#### WHAT TO DO:
These records contain pictures, which must be left out; copy exactly the lines from the one with "polyol或者EW的值,请问各位大佬们这个是什么意思? 发自小木虫Android客户端 |" up to and including the one with "江嶋夢華さんの総運は47画の5点!".

[Stored records]
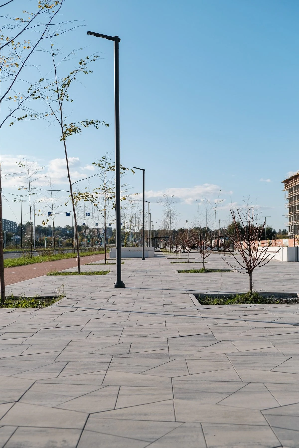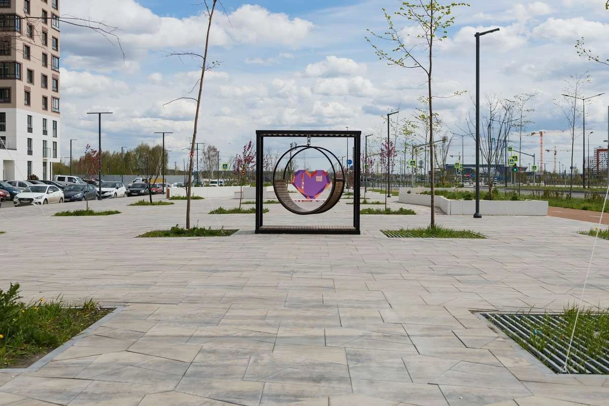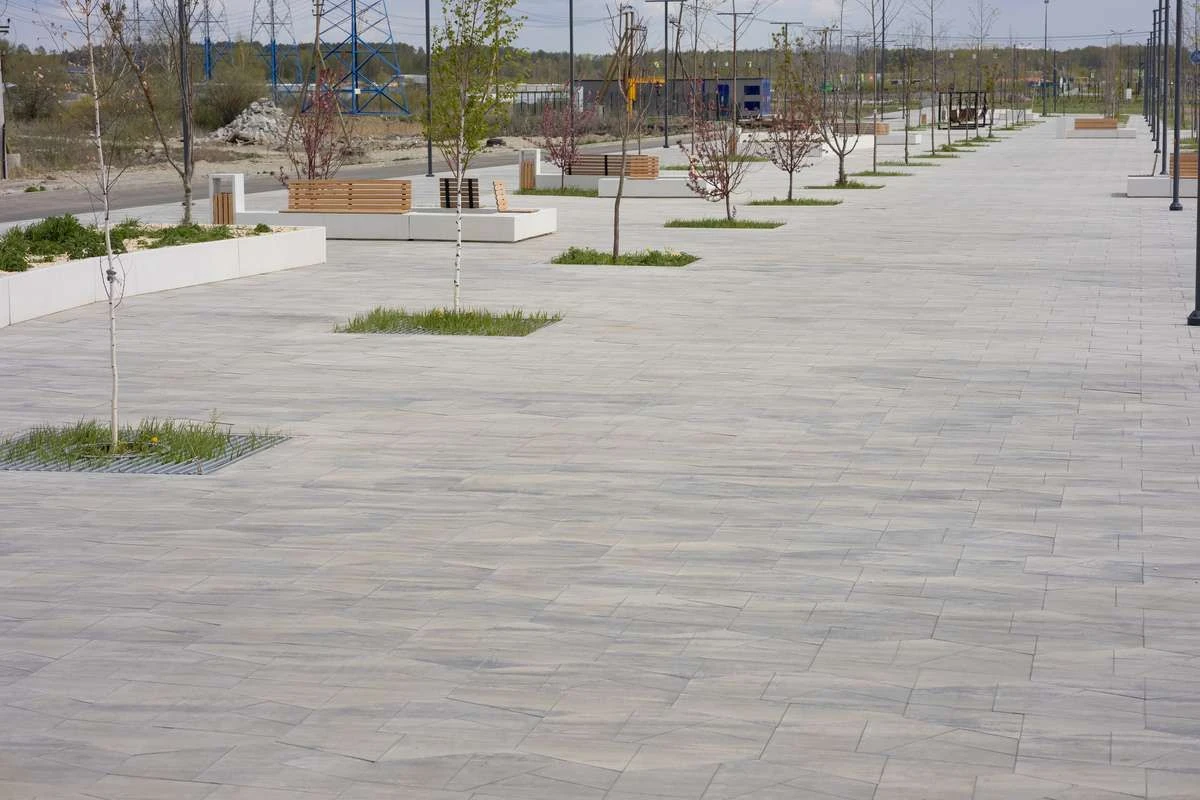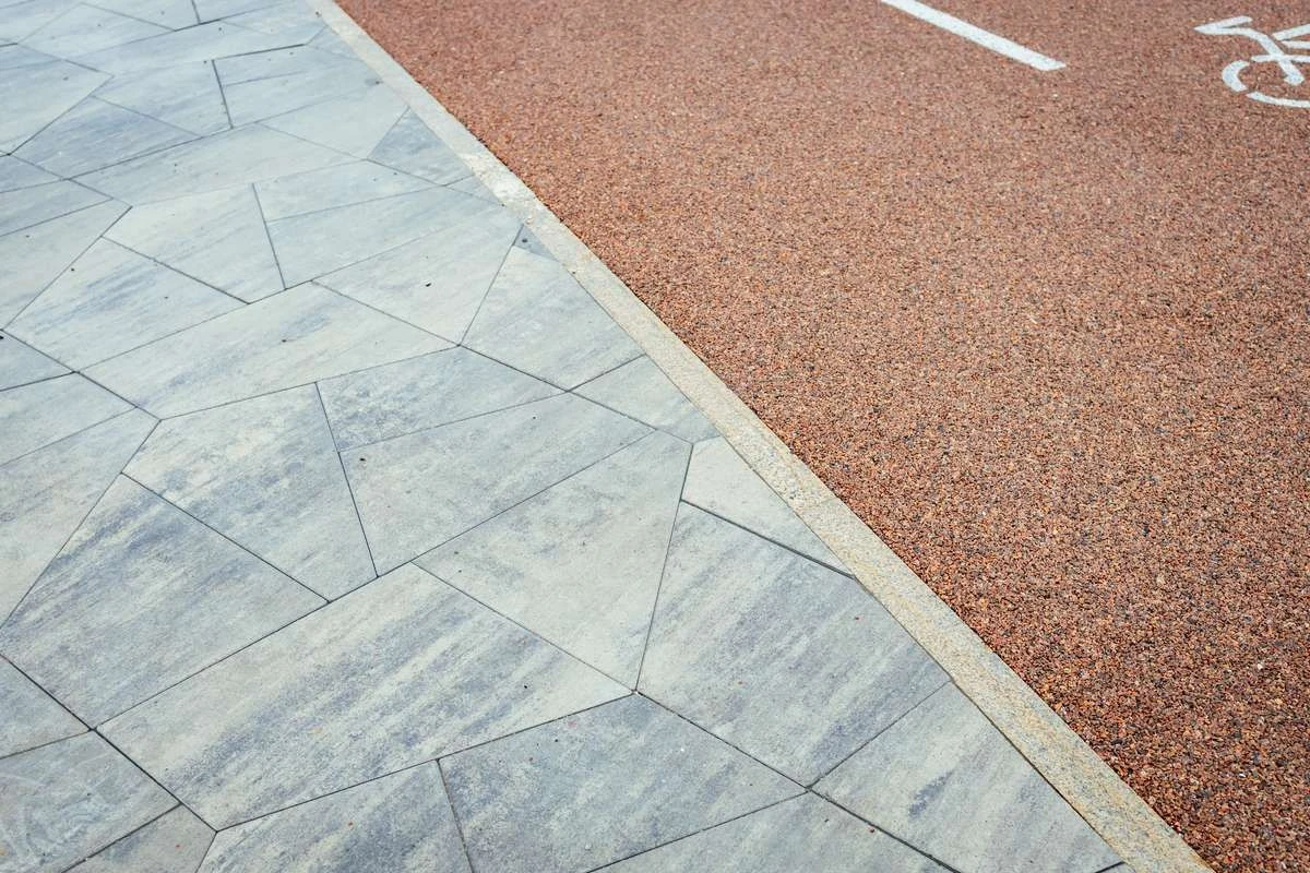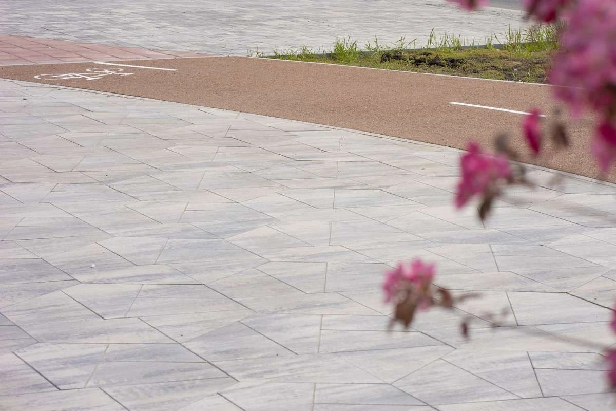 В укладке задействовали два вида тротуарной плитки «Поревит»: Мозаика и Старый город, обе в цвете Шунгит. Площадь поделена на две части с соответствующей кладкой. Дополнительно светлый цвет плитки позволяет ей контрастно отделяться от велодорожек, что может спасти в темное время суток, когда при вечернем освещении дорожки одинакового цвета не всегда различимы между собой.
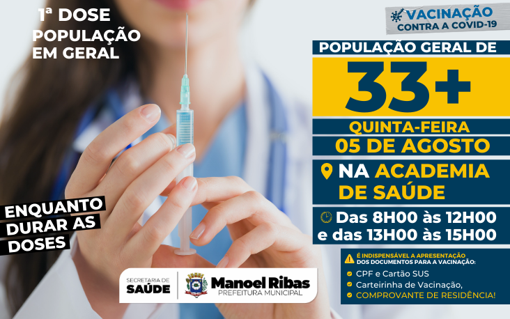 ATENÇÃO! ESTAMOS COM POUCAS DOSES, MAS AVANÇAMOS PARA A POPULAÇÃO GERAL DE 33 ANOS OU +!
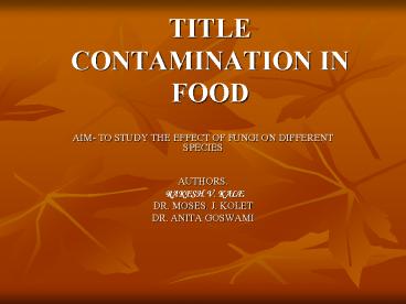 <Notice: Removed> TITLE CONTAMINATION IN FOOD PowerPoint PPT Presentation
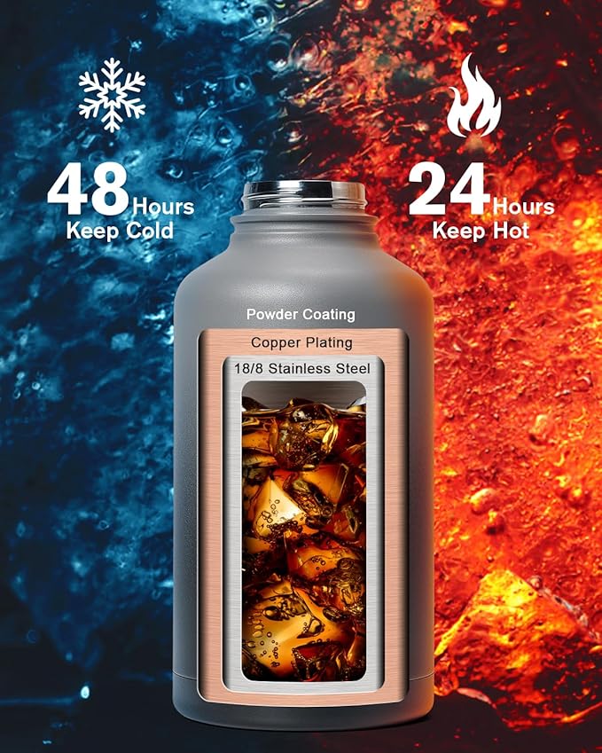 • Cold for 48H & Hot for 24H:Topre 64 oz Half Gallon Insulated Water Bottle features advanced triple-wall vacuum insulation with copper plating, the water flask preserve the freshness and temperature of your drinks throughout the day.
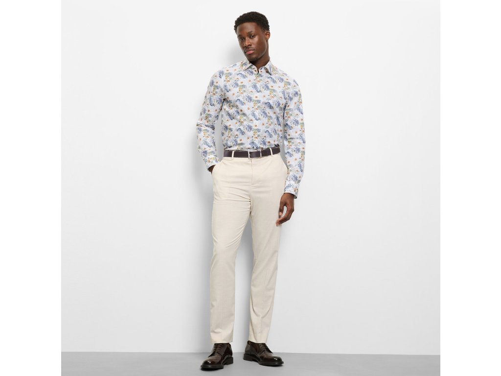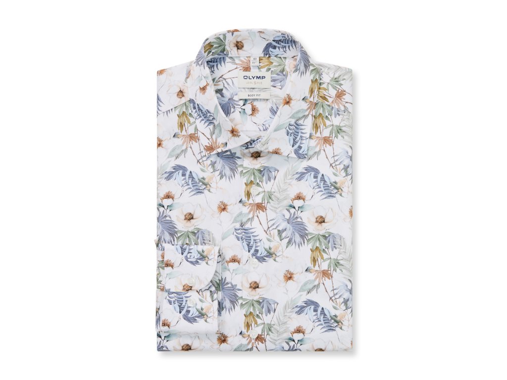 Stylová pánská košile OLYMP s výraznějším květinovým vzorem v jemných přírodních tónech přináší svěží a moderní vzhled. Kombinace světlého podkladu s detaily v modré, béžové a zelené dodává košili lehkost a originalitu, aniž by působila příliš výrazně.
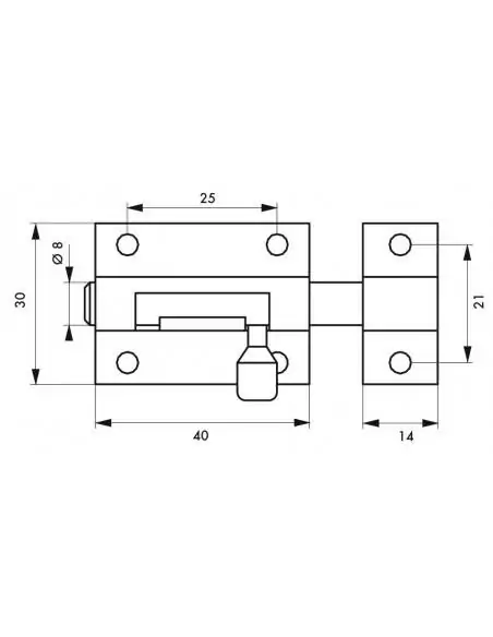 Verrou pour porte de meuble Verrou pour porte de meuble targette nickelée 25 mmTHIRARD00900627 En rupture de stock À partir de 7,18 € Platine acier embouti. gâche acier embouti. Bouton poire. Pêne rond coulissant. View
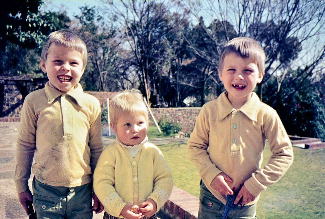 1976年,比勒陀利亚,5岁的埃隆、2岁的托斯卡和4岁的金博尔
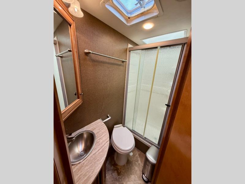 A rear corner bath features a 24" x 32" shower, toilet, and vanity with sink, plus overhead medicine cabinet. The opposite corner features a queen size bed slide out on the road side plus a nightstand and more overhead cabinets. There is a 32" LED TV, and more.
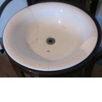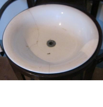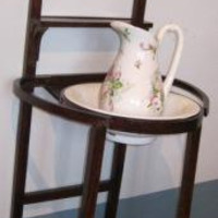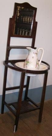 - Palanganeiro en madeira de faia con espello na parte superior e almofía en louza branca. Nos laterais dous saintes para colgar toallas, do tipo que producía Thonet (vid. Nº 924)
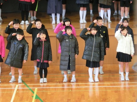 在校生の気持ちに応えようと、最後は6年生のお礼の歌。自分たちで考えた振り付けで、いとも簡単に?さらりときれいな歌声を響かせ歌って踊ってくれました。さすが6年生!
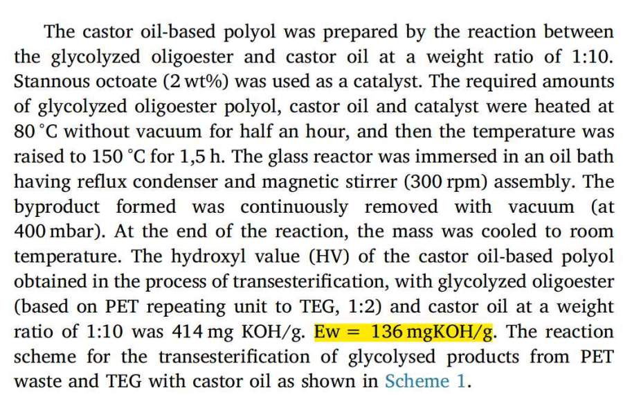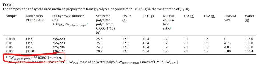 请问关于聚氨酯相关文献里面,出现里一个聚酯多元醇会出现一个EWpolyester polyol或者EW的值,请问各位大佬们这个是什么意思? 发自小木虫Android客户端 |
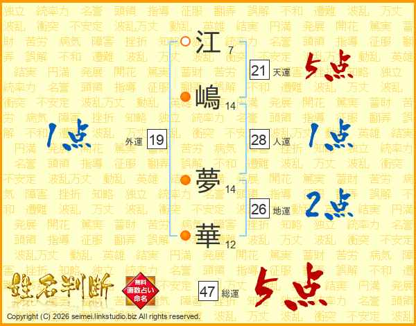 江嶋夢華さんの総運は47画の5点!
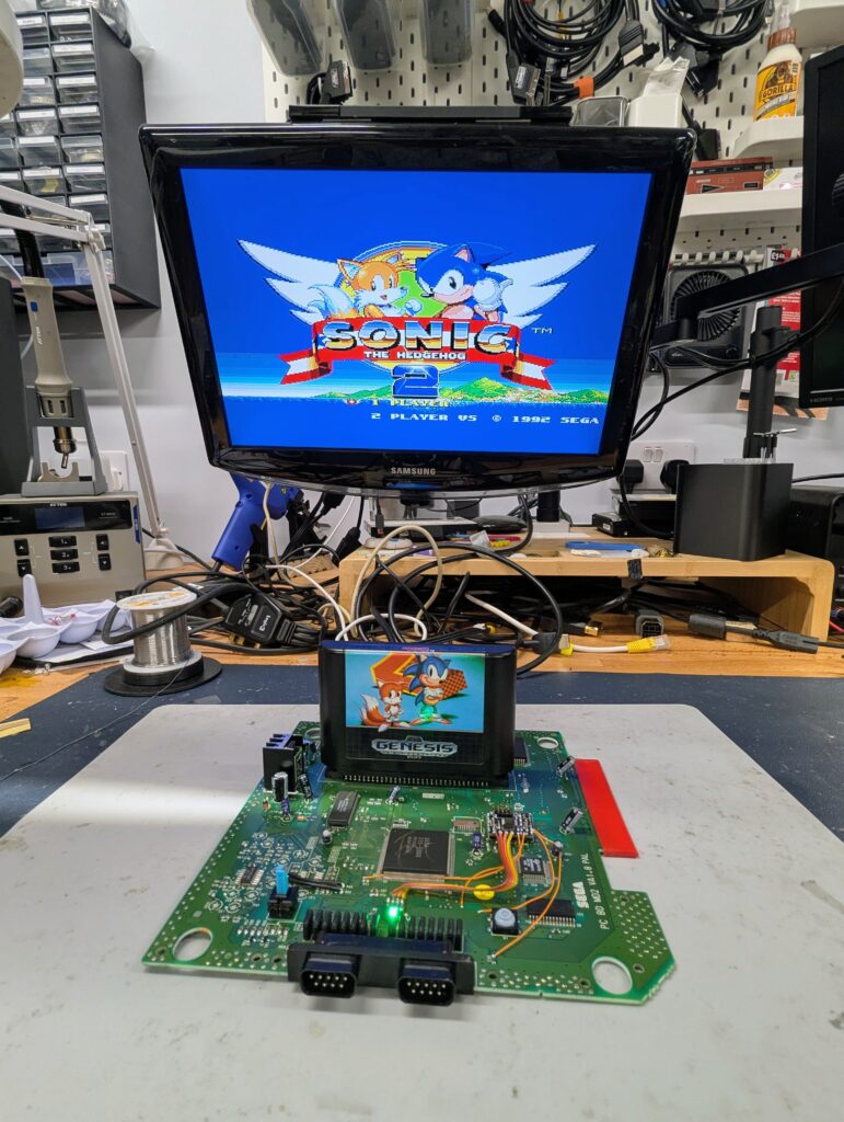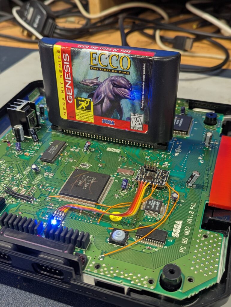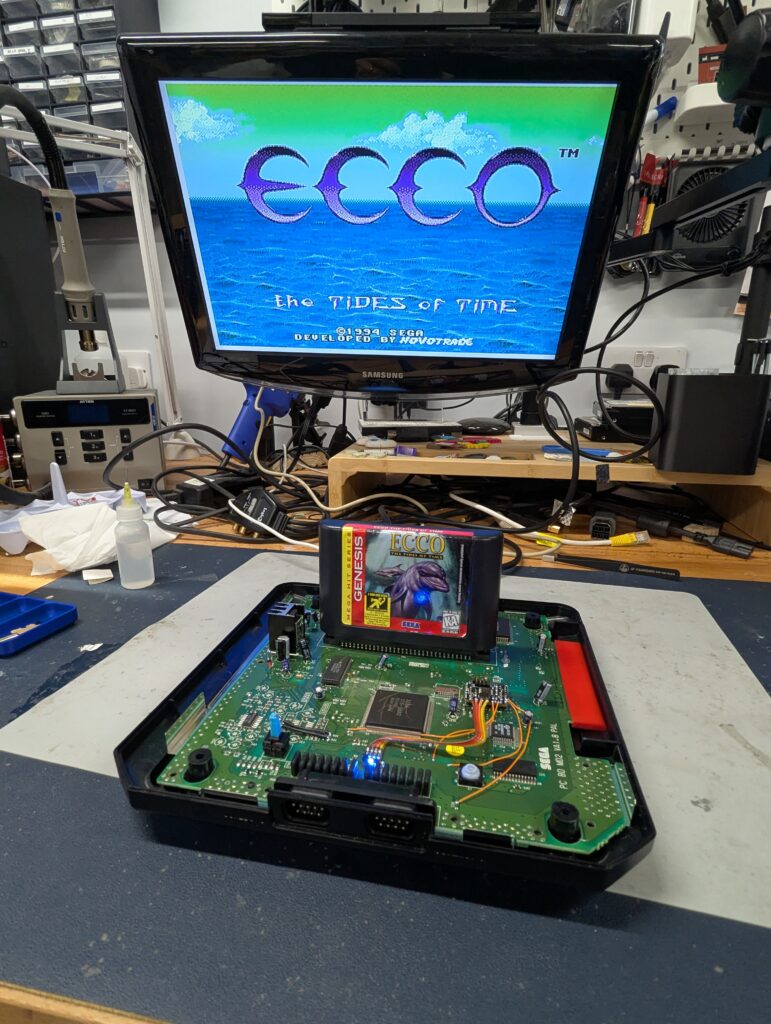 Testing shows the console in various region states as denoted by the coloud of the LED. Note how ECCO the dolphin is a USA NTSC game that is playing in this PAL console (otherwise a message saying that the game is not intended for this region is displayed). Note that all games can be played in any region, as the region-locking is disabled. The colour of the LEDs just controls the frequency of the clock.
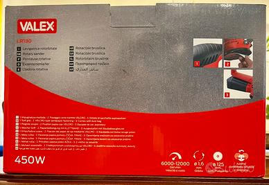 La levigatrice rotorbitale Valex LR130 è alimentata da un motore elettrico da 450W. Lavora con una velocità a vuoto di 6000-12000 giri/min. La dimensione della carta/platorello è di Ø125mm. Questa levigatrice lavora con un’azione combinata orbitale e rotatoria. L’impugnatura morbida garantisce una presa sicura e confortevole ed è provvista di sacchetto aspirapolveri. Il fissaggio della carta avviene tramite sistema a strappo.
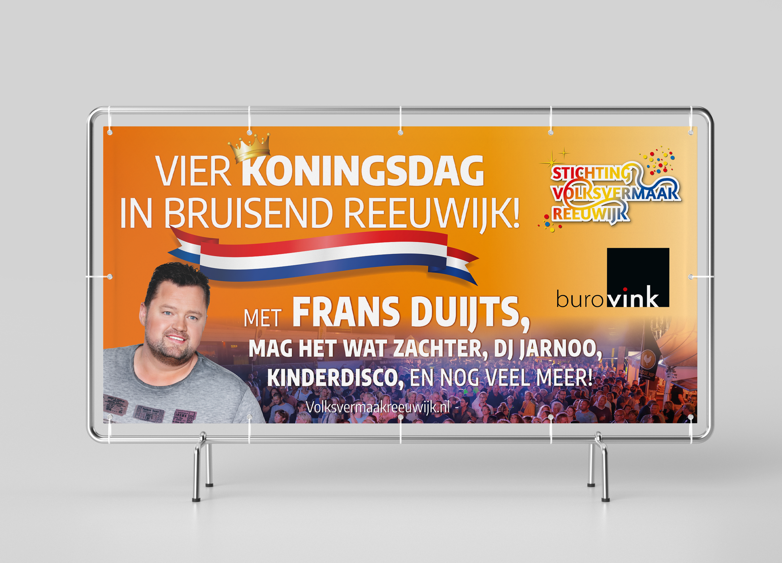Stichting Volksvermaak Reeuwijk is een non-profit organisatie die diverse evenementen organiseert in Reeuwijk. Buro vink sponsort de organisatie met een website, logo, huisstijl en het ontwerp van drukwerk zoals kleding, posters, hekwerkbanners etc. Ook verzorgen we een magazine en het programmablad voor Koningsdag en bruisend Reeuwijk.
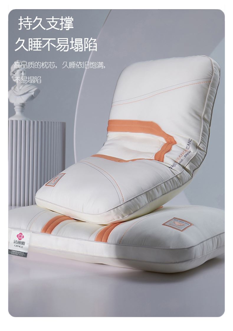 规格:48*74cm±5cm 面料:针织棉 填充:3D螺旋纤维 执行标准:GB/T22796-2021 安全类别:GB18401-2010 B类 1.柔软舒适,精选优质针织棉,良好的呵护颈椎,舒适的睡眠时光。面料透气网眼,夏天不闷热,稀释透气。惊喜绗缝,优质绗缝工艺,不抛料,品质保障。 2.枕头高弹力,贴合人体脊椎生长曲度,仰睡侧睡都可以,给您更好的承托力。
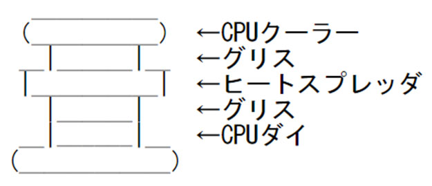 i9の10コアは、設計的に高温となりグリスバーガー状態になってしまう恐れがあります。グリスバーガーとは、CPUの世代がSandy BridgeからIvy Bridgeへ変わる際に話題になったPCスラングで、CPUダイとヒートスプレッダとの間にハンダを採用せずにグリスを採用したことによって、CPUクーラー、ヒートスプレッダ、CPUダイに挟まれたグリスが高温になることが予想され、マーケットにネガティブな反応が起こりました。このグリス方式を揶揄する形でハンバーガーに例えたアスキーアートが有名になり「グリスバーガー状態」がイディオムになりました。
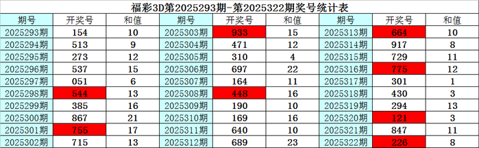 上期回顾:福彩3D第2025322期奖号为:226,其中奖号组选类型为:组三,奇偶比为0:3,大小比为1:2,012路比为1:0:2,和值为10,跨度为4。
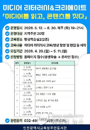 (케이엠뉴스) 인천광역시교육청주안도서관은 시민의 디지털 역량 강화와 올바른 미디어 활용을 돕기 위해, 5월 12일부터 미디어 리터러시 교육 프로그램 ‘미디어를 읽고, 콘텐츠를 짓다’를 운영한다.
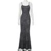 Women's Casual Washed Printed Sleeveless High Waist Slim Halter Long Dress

#### TASK ANSWER:
 请问关于聚氨酯相关文献里面,出现里一个聚酯多元醇会出现一个EWpolyester polyol或者EW的值,请问各位大佬们这个是什么意思? 发自小木虫Android客户端 |
 江嶋夢華さんの総運は47画の5点!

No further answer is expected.